Suppose we had a list of some arbitrary length, and we wanted to detect the presence of a value within it. We would naturally write,

let rec member (haystack : int list) (needle : int) : bool =
  match haystack with
  | [] -> false
  | first::rest ->
    if (needle == first) then true else (member rest needle)

What are the practical limits of this function? Conceptually, it should work for any list we’ve constructed. But in practice, this code might crash on lengthy lists, simply because the recursion progressed too deeply: we encounter a stack overflow, because we can’t allocate a stack frame for the next recursive call. This is dissatisfying: our language semantics don’t include any arbitrary limits on the depth of recursion. And clearly, whatever machine we ran this program on was capable of building a long list; it seems capricious to then be unable to process it!

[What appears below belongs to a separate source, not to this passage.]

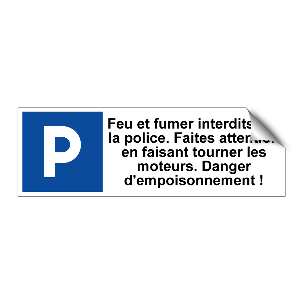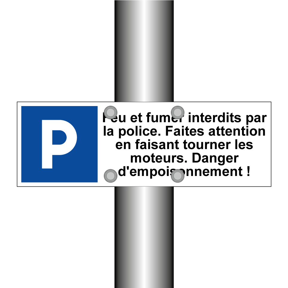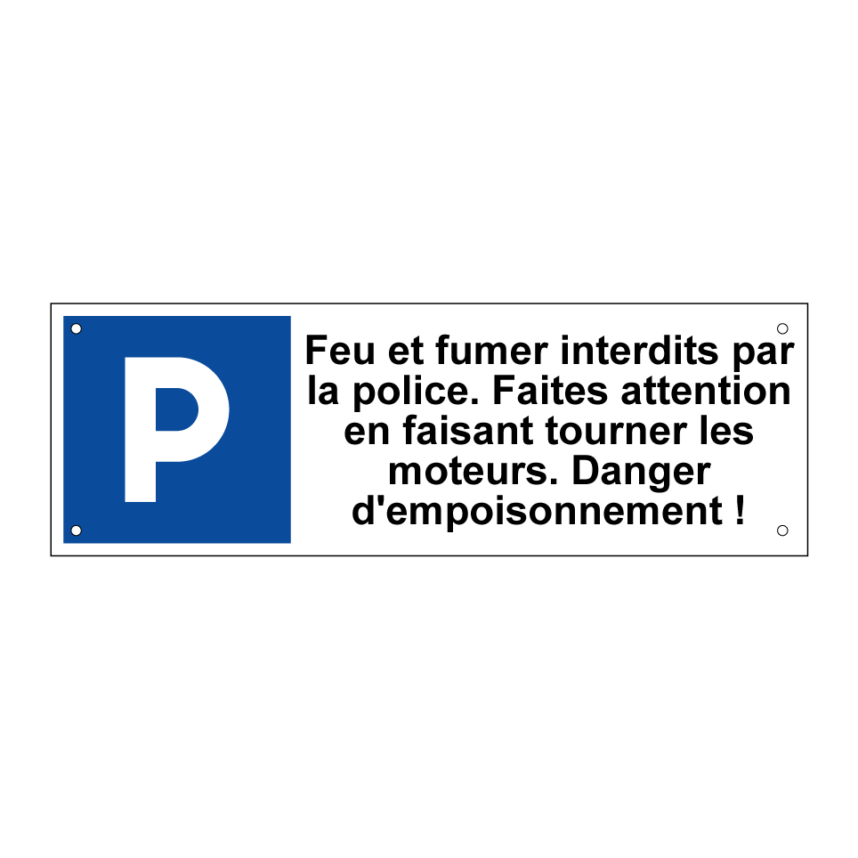 Panneau de stationnement avec le texte : "Feu et fumer interdits par la police. Faites attention en faisant tourner les moteurs. Danger d'empoisonnement !" et une symbolique claire.

Looking more carefully at the program, though, this failure is even more disappointing. When the if condition is false, we fall through to the else-branch and start evaluating the recursive call to member. But notice that when that call returns...the function simply passes the return value back as its answer, with no further processing needed! It makes sense that we’d need a stack frame to handle the recursive call, but the current stack frame is basically no longer needed. Perhaps we could consolidate the two somehow, and not need any extra space?

2 A simpler example

Let’s consider a program in Diamondback that has a similar recursive structure. Instead of working through a list data structure (which we do not yet have), let’s compute the factorial function:

def fact_v1(n):
  if n <= 1: 1
  else: n * fact_v1(n - 1)

At first glance, this doesn’t match the structure of member since here we have additional work to do after the recursive call to fact(n - 1). But we’ve learned ways to transform this program into a similar one, such that the answer to the recursive call simply is the overall answer: we use an accumulator parameter, and rewrite the code as follows:

def fact-tail(n, acc):
  if n <= 1: acc
  else: fact-tail(n - 1, n * acc)

def fact_v2(n):
  fact-tail(n, 1)

Compare and contrast the evaluation order of these two functions, using the substitution model of evaluation that we began the course with:

fact_v1(4) ==> if 4 <= 1: 1 else 4 * fact_v1(3)
           ==> 4 * fact_v1(3)
           ==> 4 * (if 3 <= 1: 1 else 3 * fact_v1(2))
           ==> 4 * (3 * fact_v2(2))
           ==> 4 * (3 * (if 2 <= 1: 1 else 2 * fact_v1(1)))
           ==> 4 * (3 * (2 * fact_v1(1)))
           ==> 4 * (3 * (2 * (if 1 <= 1: 1 else 1 * fact_v1(0))))
           ==> 4 * (3 * (2 * (1)))
           ==> 4 * (3 * 2)
           ==> 4 * 6
           ==> 24

fact_v2(4) ==> fact_tail(4, 1)
           ==> if 4 <= 1: 1 else fact-tail(4 - 1, 4 * 1)
           ==> fact_tail(3, 4)
           ==> if 3 <= 1: 1 else fact-tail(3 - 1, 3 * 4)
           ==> fact_tail(2, 12)
           ==> if 2 <= 1: 1 else fact-tail(2 - 1, 2 * 12)
           ==> fact_tail(1, 24)
           ==> if 1 <= 1: 1 else fact-tail(1 - 1, 1 * 24)
           ==> 24

The initial version keeps a bunch of multiplications pending, until the innermost function call returns. It is reasonable to think that in our compiled code, each of those will correspond to one stack frames, and we clearly still need to keep track of the intermediate values of n in order to compute the final answer.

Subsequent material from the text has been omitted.